Squirrels are incredibly motivated to compromise bird feeders. Not because they are lazy but because the payoff is far greater than foraging around for nuts all day. If they get into that feeder they have weeks worth of food available and a consistent and reliable source to return to for it. The birds have food, too, just not as much.

In many ways this is the challenge we face: stopping the squirrels while allowing the birds to feed. We have to be more adaptive than the squirrels, be more innovative in approaching the problem, think outside the box, or perhaps about how we design and protect the bird feeders.

Back to the principle - “The pursuit of security requires that we be more innovative and adaptive than our adversaries.” We are encumbered as practitioners by the need for stability and comfort. We must find ways to overcome these challenges before we can be more innovative and adaptive than our adversaries. We have to find the opportunities to innovate our defenses in ways that do not significantly impact our businesses and users. We have to take the time now to prepare for when the attack comes, be it a drive-by only looking for users' financial information, or targeted at your intellectual property as a stepping stone to the next target. We have to think of ways to know that the compromise is there, ways to force attackers into becoming known, without impacting our users.

To be more innovative and adaptive than our adversaries requires we know a lot more about our networks, users, applications, and weaknesses. As practitioners we have to test them, understand that they are what they were designed to be, and then find creative ways to mitigate risks, and we need to do it in such a way that our users are minimally affected. Only you can do this though, outsiders cannot do it for you, only you are empowered to know these local weaknesses, unless of course the adversary is already there. We have to be able to mitigate these risks while others evaluate making appropriate changes and collectively we have to protect stability in the process.

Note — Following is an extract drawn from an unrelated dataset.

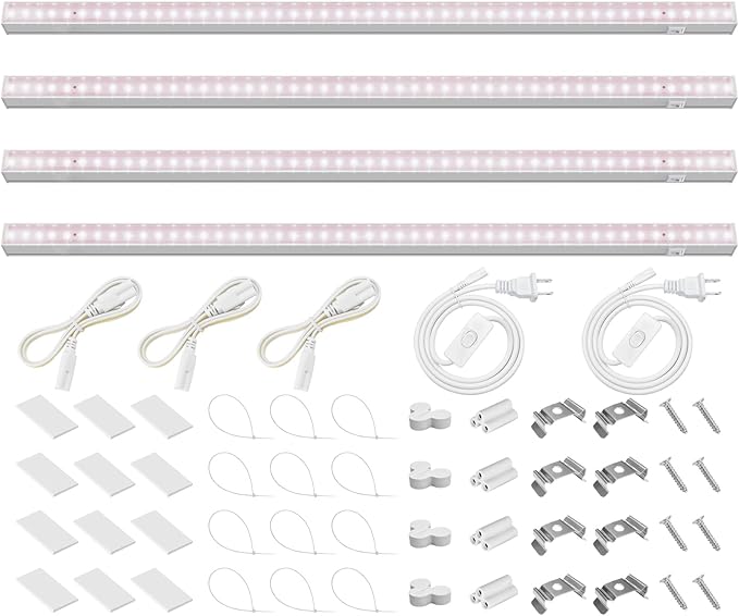 • What You Get: 4 x Barrina T5 Grow Lights, 2 x Power Cords with ON/OFF Switch, 3 x Connecting Cords(20''), 4 x Small Connectors, 8 x Installation Clips, 12 x Double-sided Tapes, 12 x Cable Ties
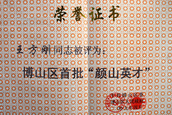 王方刚老师荣获博山区首批“颜山英才”称号

In the end we must be more innovative and adaptive than our adversaries and the process of getting there will be a challenging one. While I think our technologies are a good step towards enabling adaptive defenses, I also think that it is nearly impossible to implement truly adaptive defenses in any measure of time that approximates “rapid”. The bottom line is that if you don’t start now you will surely discover that it is too late when you needed to have it already.